-------- DATA RECORDS --------

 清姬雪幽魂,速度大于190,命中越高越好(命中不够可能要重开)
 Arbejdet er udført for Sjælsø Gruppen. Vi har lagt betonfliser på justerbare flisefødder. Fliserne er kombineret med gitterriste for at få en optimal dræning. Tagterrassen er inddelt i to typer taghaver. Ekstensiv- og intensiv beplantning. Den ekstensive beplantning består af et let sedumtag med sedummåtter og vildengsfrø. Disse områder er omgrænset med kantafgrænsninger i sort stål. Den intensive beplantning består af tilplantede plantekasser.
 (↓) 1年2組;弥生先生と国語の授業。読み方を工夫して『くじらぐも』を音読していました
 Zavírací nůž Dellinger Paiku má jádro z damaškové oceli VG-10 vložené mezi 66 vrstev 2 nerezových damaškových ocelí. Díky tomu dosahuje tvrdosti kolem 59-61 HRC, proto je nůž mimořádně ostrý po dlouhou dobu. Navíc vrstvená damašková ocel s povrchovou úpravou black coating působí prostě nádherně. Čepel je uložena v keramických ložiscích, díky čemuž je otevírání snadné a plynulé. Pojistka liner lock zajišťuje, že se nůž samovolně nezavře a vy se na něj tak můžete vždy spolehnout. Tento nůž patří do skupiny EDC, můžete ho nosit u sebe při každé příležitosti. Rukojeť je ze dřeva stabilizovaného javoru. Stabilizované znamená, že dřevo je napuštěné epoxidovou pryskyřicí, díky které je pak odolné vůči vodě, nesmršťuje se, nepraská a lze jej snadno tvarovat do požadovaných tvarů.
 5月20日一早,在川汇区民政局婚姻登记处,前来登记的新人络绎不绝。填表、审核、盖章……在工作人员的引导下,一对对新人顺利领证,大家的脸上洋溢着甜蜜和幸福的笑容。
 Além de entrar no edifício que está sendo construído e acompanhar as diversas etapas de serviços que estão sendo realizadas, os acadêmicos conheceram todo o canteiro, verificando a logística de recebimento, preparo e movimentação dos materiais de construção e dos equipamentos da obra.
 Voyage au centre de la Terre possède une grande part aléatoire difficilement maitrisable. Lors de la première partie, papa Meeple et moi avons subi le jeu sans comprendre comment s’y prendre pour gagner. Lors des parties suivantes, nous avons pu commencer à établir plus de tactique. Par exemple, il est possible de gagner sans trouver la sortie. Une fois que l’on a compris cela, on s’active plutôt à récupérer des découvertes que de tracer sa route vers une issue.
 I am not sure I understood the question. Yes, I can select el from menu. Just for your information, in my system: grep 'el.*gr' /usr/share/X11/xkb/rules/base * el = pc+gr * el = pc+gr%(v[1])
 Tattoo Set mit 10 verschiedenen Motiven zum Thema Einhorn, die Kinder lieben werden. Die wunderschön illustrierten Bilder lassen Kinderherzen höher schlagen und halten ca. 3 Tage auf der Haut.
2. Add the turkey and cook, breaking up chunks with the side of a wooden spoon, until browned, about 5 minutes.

--------
-------- DATA RECORDS --------

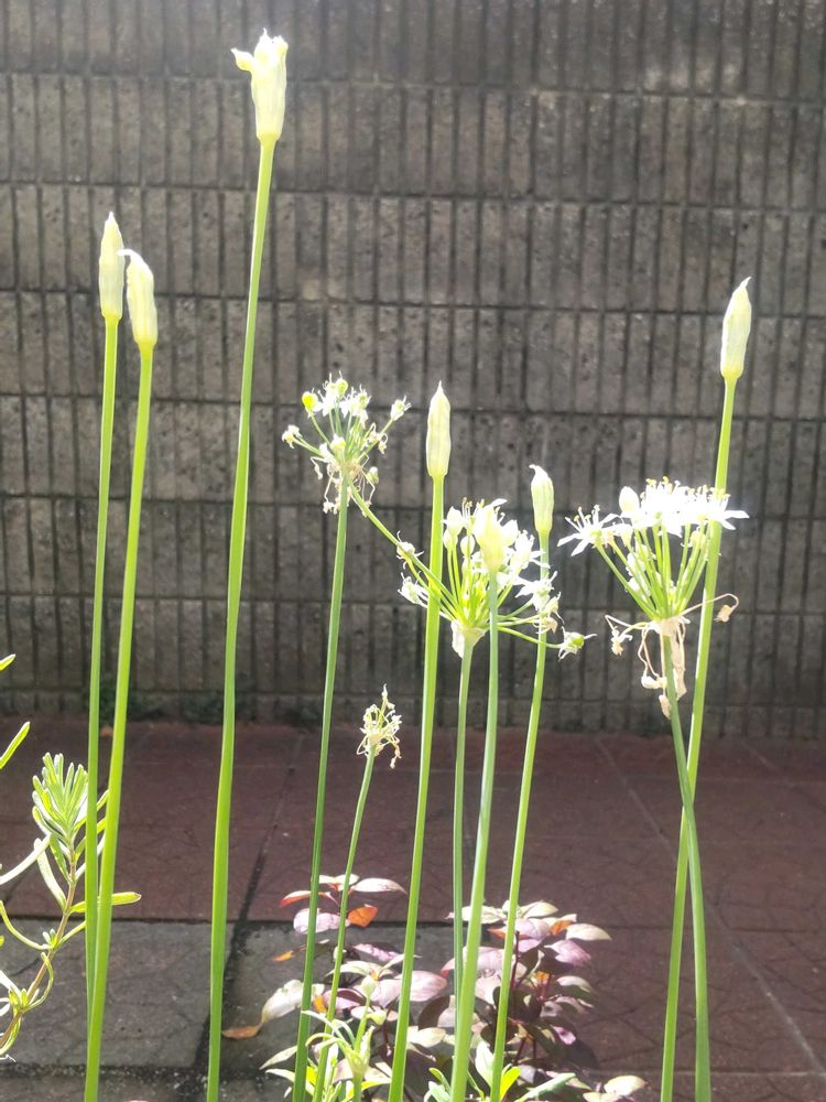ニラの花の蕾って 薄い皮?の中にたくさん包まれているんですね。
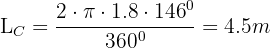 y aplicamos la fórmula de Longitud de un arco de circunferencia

--------

Looking back over the data above, restate word for word the lines that begin at the line with "Arbejdet er udført" and end at the line with "(↓) 1年2組;弥生先生と", inclusive.

 Arbejdet er udført for Sjælsø Gruppen. Vi har lagt betonfliser på justerbare flisefødder. Fliserne er kombineret med gitterriste for at få en optimal dræning. Tagterrassen er inddelt i to typer taghaver. Ekstensiv- og intensiv beplantning. Den ekstensive beplantning består af et let sedumtag med sedummåtter og vildengsfrø. Disse områder er omgrænset med kantafgrænsninger i sort stål. Den intensive beplantning består af tilplantede plantekasser.
 (↓) 1年2組;弥生先生と国語の授業。読み方を工夫して『くじらぐも』を音読していました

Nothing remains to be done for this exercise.